• Task goal:
Return each line of the entries that holds the string "xiàn".

(Stored data entries)
***
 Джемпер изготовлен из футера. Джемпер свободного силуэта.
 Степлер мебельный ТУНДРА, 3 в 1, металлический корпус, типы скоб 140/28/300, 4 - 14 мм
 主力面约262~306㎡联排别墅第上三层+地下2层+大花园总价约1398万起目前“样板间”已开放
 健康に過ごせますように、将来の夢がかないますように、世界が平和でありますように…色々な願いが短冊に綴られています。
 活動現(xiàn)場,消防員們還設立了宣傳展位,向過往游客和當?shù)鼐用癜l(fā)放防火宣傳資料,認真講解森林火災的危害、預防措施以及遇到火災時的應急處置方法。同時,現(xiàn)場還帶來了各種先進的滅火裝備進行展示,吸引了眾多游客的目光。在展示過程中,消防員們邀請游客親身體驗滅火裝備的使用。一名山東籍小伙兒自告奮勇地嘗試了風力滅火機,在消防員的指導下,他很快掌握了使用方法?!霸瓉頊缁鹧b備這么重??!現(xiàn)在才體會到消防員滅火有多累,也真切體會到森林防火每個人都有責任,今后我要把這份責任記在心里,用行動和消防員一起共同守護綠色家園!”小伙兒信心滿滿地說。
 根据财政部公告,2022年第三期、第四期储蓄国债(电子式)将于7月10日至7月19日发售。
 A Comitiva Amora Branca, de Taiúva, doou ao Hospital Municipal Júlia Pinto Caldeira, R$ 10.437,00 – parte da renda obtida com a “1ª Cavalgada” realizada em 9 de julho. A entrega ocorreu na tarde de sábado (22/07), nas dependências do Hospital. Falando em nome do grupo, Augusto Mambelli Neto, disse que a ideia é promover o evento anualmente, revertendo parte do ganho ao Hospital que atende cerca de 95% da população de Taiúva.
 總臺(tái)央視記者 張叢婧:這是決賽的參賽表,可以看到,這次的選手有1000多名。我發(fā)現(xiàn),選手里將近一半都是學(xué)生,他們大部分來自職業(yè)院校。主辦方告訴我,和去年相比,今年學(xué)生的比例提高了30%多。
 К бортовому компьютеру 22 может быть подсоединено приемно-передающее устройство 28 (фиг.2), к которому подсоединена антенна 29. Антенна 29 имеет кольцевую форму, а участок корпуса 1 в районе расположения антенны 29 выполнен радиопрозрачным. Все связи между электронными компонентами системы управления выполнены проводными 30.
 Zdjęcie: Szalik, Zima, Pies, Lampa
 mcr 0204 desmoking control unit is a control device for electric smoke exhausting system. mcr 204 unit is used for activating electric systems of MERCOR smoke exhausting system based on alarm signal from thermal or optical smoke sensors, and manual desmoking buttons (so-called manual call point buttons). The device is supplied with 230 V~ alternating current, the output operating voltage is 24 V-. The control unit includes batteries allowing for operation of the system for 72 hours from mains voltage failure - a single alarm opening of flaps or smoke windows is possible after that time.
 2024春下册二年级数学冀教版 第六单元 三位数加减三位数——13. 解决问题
***
• Answer below:
 活動現(xiàn)場,消防員們還設立了宣傳展位,向過往游客和當?shù)鼐用癜l(fā)放防火宣傳資料,認真講解森林火災的危害、預防措施以及遇到火災時的應急處置方法。同時,現(xiàn)場還帶來了各種先進的滅火裝備進行展示,吸引了眾多游客的目光。在展示過程中,消防員們邀請游客親身體驗滅火裝備的使用。一名山東籍小伙兒自告奮勇地嘗試了風力滅火機,在消防員的指導下,他很快掌握了使用方法?!霸瓉頊缁鹧b備這么重??!現(xiàn)在才體會到消防員滅火有多累,也真切體會到森林防火每個人都有責任,今后我要把這份責任記在心里,用行動和消防員一起共同守護綠色家園!”小伙兒信心滿滿地說。
 總臺(tái)央視記者 張叢婧:這是決賽的參賽表,可以看到,這次的選手有1000多名。我發(fā)現(xiàn),選手里將近一半都是學(xué)生,他們大部分來自職業(yè)院校。主辦方告訴我,和去年相比,今年學(xué)生的比例提高了30%多。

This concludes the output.